What could she do but go forward?

Darius, at least, didn’t fight her on it. He walked around the hood of the truck and fixed his belt. In between Eve sneaking back out of his window and across the side yard to his truck and him leaving the house, he had put himself into a good pair of jeans and a gray-and-black bomber jacket. Along with his height, it created a look of casual but potent intimidation.

That went double when his voice ground out low.

“Let’s go, then.”

The gate wasn’t anything to speak of, and the same went for any security cameras or guards in the area. Darius commented on it as he nudged the gate open with his shoulder and motioned her through.

“Theo used to work here part-time in the cafeteria and said the new management cares as much as the old crew about keeping the back quarter guarded.”
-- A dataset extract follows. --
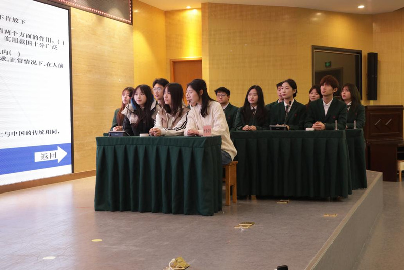 在第三轮“争分夺秒”环节中,答题前主持人随机从礼仪知识题库中抽取一道题目进行提问,主持人读题完毕宣布开始后,各学院利用抢答器抢答。各参赛队伍积极抢答,现场氛围十分激烈。
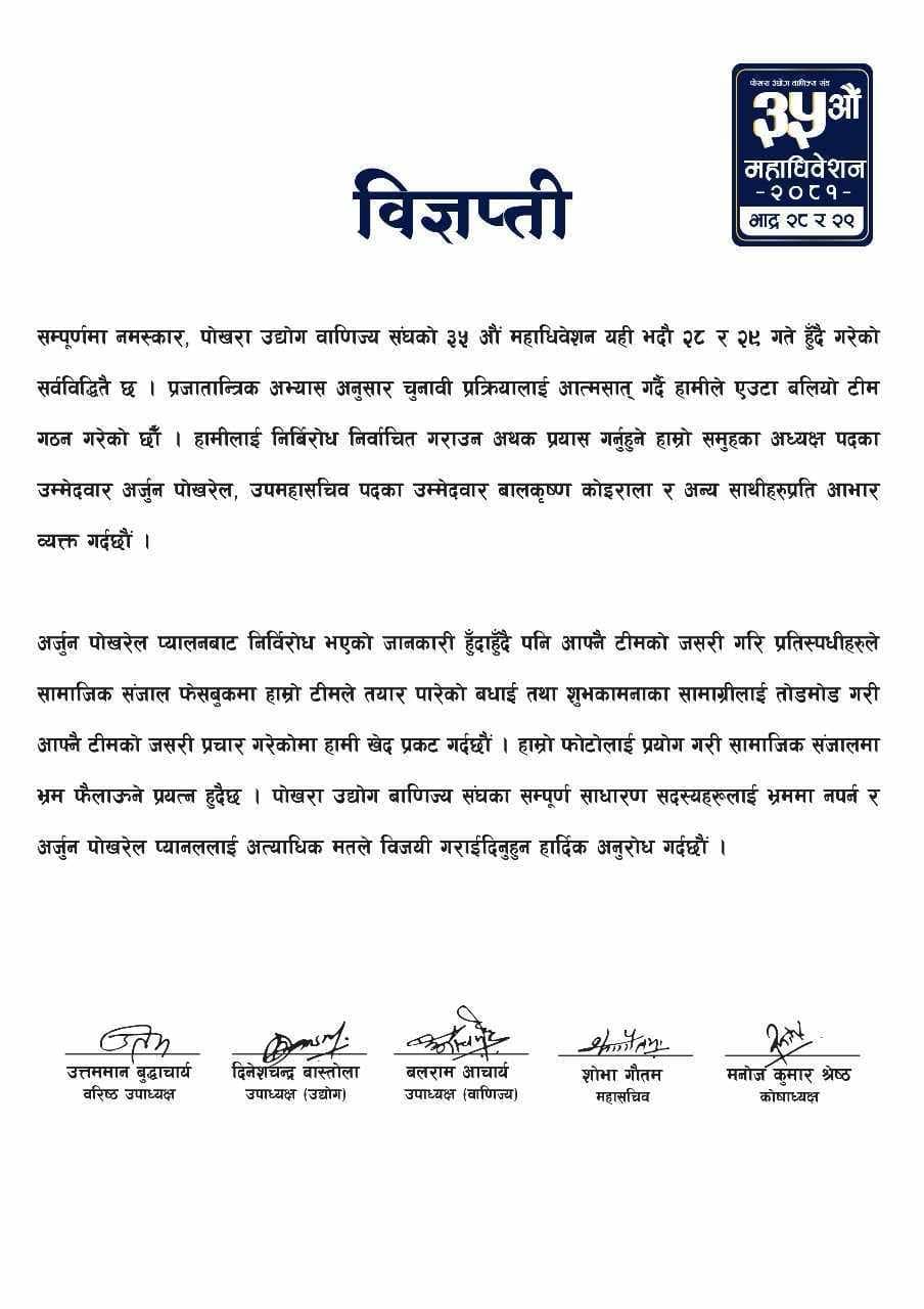 निर्विरोध भएका ५ पदाधिकारीले हाम्रो फोटोलाई प्रयोग गरी सामाजिक संजालमा भ्रम फैलाउने प्रयत्न भईरहेको र भ्रममा नपर्न सम्पूर्ण साधारण सदस्यलाई आग्रह गरेका छन् । अर्जुन पोखरेल प्यानललाई अत्याधिक मतले विजयी गराउन उनीहरुको अनुरोध छ । आफुहरु निर्विरोध भए पनि टीम प्रति बफादार र प्रतिबद्ध रहेको उनीहरुको भनाई छ ।

“So they don’t care at all either.”

He nodded.

“No reason to waste money watching nothing,” he said. “Honestly, I’m surprised they haven’t shut this entire section down. Or at least demolished it to build something else here. The new company that took it over seems to have more than enough funds to do it.”

So she had been right after all. Her off-the-cuff story about the residence halls had stayed true even after she had left town.

“Dad used to hate staying in them during his long shifts,” she said. “He said he imagined it was like being in a college dorm, but instead of a bunch of guys goofing around and having fun in their gym shorts, the men’s residence hall was filled with grouchy men in sweaty coveralls. And they always stole his lunch out of the fridge.”